Come si vede, in questo gioco delle parti è difficile salvare qualcuno. Con i propri mezzi, ogni personaggio insegue uno scopo e per raggiungerlo non esita a servirsi dei più abietti stratagemmi. Per alcuni critici, solo Lucrezia sarebbe indenne da una condanna senza appello. La donna appare infatti a prima vista passiva e facilmente manipolabile. Tuttavia, accettando quello che tutti (in primo luogo il marito) le chiedono, dà prova di una positiva capacità di adattarsi alle circostanze. All’inizio tenta di difendere la purezza dei propri princìpi, poi però, con disinvoltura, cambia partito e, evitando compromessi e situazioni ambigue, finisce per cedere, riscoprendo il piacere dei sensi. Mostrandosi così duttile davanti alla fortuna, Lucrezia potrebbe dunque incarnare il modello di “virtù” esaltato da Machiavelli nelle sue opere politiche.

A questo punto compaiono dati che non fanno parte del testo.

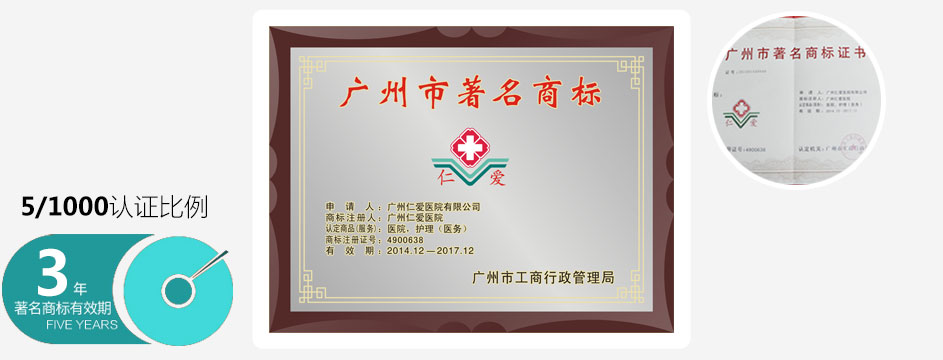 广州仁爱医院荣获广州市工商行政管理局颁发的“广州市著名商标”,成为广州获此殊荣的专科医院。著名商标认定都有着严格的审核条件和申报程序,具有较高市场声誉和商业价值,且最终认定比例仅占注册商标总数的千分之五,一经认定,有效期为3年。此次“广州市著名商标”的获得充分证明了“广州仁爱”品牌具有较高的市场信誉和竞争力,树立了民营医疗机构规范化、先进化的标杆。
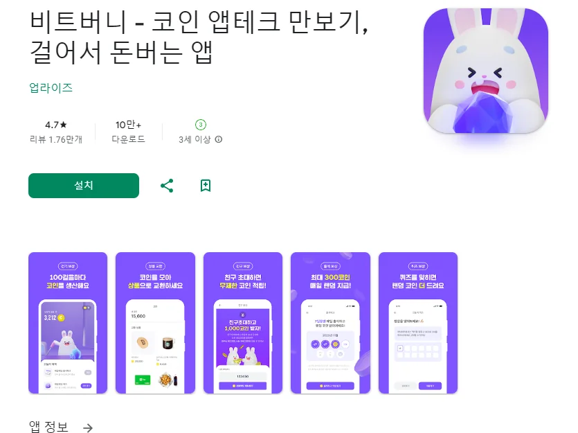 아래는 비트버니 - 코인 앱테크 만보기, 걸어서 돈버는 앱 어플에 대한 스크린샷 정보입니다.

La lingua della Mandragola realizza appieno la soluzione teorica proposta da Machiavelli: il fiorentino vivo, non quello trecentesco. In effetti, è soprattutto il parlato, con le sue cadenze vernacolari, a essere riprodotto dall’autore, il quale adatta a ogni personaggio un’espressività coerente con la sua personalità. Il furbo Ligurio si esprime spesso in modo allusivo, con battute e doppi sensi, tipici di chi la sa lunga; Nicia, da quel concentrato di conformismo che è, si produce in un’infinità di luoghi comuni, che vorrebbe intelligenti, ma che in realtà non sono altro che la spia della sua mediocrità; Callimaco e Lucrezia parlano, rispettivamente, la lingua dell’irruenza giovanile e quella della seria compostezza. Il personaggio linguisticamente più interessante è però fra’ Timoteo: la sua prosa ricca di malizia e tendenziosità ne fa un vero, cinico artista della parola, piegata con scaltrezza ai propri interessi.

 >> pag. 295 
Clizia

La commedia, scritta nel 1525, rielabora l’argomento di un’opera del commediografo latino Plauto (III-II secolo a.C.), la Casina, e narra l’amore del vecchio Nicomaco per Clizia, una trovatella a cui lui stesso ha dato ospitalità, e che però è innamorata, ricambiata, del figlio di Nicomaco, Cleandro. Per impedire le nozze, Nicomaco cerca di far sposare Clizia al servo Pirro in modo da continuare a essere il suo amante. La moglie Sofronia e il figlio-rivale Cleandro gli giocano un brutto tiro, travestendo il servo Siro con gli abiti della sposa. Quando Nicomaco si trova nel suo letto e scopre il travestimento, la vergogna lo spinge a chiedere perdono alla moglie e a rinunciare alla sua passione senile. Nel frattempo, Clizia viene a sapere di essere figlia di un nobile napoletano: possiede dunque una ricca dote e può finalmente sposarsi con Cleandro.

L’Epistolario

Le oltre duecento lettere di Machiavelli che ci sono pervenute si differenziano nettamente da quelle dei suoi predecessori e contemporanei. Infatti, all’autore non interessa utilizzare questo mezzo per tramandare un’immagine idealizzata di sé ai posteri, come nel caso di Petrarca, o esibirsi in un’elegante esercitazione di stile, come era nella tradizione classica e umanistica: le lettere di Machiavelli non sono scritte per essere pubblicate. Esse sono un vero e spontaneo documento di vita, in cui l’autore rivela ai suoi corrispondenti il proprio temperamento e stato d’animo nei diversi frangenti di una movimentata esistenza umana e politica.
I temi più ricorrenti riguardano la situazione politica, i pronostici sugli scenari possibili, le previsioni e i giudizi sui diversi protagonisti della scena pubblica. Questo non sorprende, data la passione con cui Machiavelli vive la sua militanza politica. Tuttavia, accanto alle parti più serie, troviamo spesso vivaci descrizioni della sua vita intima, bozzetti e facezie: ne esce un ritratto vivido e divertente di un Machiavelli domestico, uomo tra gli uomini, costretto dai casi della vita a misurarsi, ma senza vittimismo, con le miserie della quotidianità.

Anche la forma riflette questa elastica capacità di mescolare il serio al faceto. Così, accanto allo stile teso e vibrante delle parti più politiche, troviamo un linguaggio popolaresco, perfino pittoresco, simile in certe descrizioni umoristiche a quello che ammiriamo nei testi comici, dalla novella di Belfagor alla Mandragola.